### [Task description]
Exactly and only the lines below from the one containing "Het perceel waarop" down to the one containing "Diseñado en modo" are wanted, both included; please exclude every picture.

### [Data provided]
::::::::::

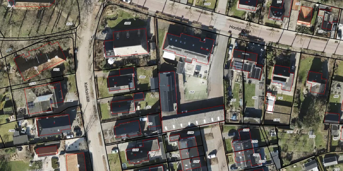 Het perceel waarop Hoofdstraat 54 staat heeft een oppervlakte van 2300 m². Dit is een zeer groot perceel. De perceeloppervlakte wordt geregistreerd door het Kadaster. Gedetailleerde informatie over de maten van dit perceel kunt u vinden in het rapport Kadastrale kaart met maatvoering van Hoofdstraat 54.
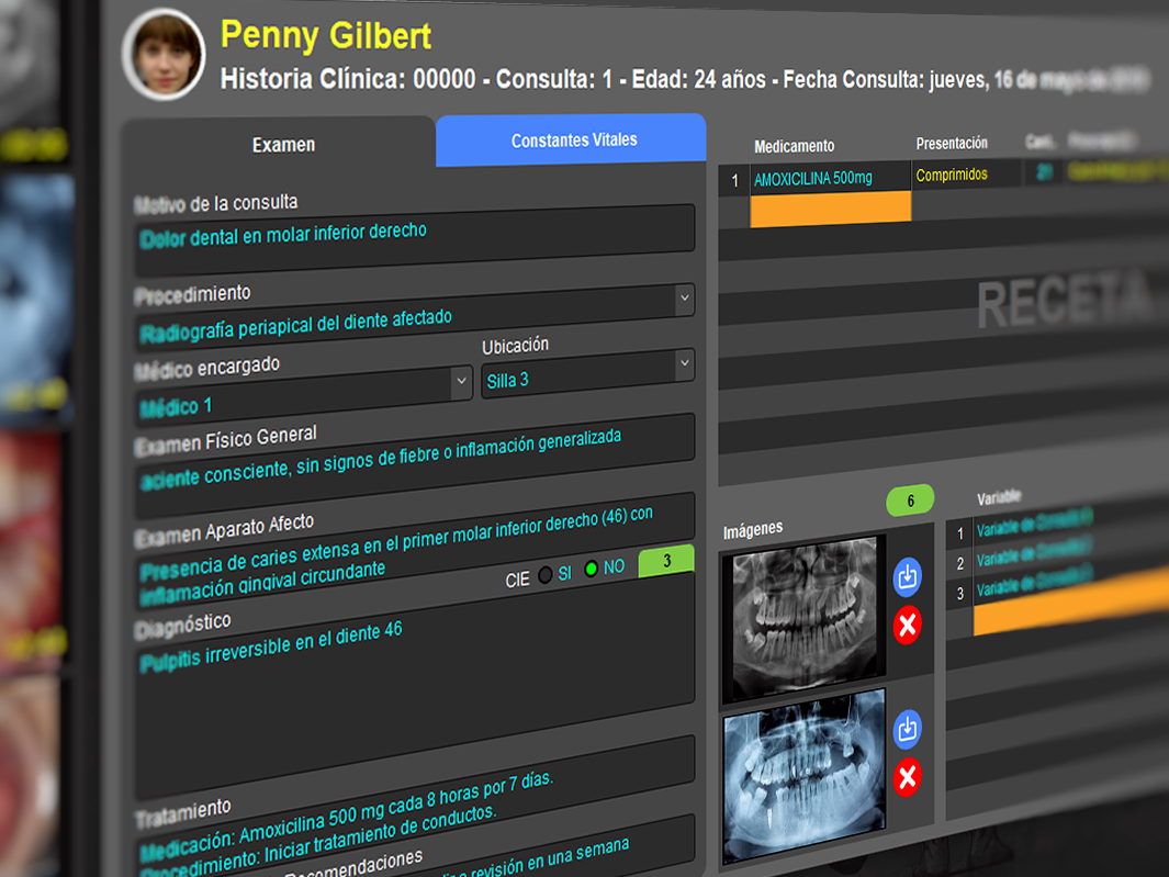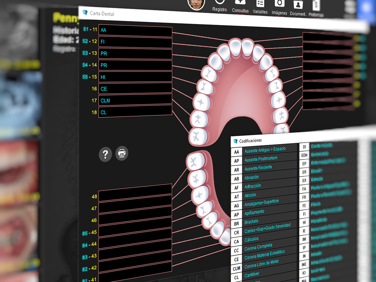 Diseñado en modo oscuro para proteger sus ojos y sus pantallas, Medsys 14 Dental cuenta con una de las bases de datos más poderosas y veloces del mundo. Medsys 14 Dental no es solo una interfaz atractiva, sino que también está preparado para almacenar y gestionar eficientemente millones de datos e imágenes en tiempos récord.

::::::::::

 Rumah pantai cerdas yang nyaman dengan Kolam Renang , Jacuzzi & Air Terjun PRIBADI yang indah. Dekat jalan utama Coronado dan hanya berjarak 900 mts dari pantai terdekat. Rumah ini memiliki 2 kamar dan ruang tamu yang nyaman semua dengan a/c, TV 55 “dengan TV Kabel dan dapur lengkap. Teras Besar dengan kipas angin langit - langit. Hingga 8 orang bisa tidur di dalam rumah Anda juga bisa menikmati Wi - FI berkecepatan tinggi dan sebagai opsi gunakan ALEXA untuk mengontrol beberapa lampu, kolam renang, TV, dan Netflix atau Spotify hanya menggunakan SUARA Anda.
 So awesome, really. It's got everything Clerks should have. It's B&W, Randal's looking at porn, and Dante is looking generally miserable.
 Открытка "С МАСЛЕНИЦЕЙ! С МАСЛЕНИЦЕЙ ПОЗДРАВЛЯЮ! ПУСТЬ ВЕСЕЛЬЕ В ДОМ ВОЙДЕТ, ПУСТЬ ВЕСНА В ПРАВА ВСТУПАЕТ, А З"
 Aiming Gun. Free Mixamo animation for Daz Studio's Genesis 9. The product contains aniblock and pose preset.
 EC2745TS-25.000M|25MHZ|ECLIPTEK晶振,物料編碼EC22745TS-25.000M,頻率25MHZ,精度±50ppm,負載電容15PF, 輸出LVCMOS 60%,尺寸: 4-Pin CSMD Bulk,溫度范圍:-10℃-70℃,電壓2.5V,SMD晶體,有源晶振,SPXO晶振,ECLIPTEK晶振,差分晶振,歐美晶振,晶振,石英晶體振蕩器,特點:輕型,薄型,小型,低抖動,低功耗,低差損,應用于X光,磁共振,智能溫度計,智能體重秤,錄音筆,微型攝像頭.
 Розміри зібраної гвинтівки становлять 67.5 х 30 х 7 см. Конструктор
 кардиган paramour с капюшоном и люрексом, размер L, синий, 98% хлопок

::::::::::

### [Your response]
 Het perceel waarop Hoofdstraat 54 staat heeft een oppervlakte van 2300 m². Dit is een zeer groot perceel. De perceeloppervlakte wordt geregistreerd door het Kadaster. Gedetailleerde informatie over de maten van dit perceel kunt u vinden in het rapport Kadastrale kaart met maatvoering van Hoofdstraat 54.
 Diseñado en modo oscuro para proteger sus ojos y sus pantallas, Medsys 14 Dental cuenta con una de las bases de datos más poderosas y veloces del mundo. Medsys 14 Dental no es solo una interfaz atractiva, sino que también está preparado para almacenar y gestionar eficientemente millones de datos e imágenes en tiempos récord.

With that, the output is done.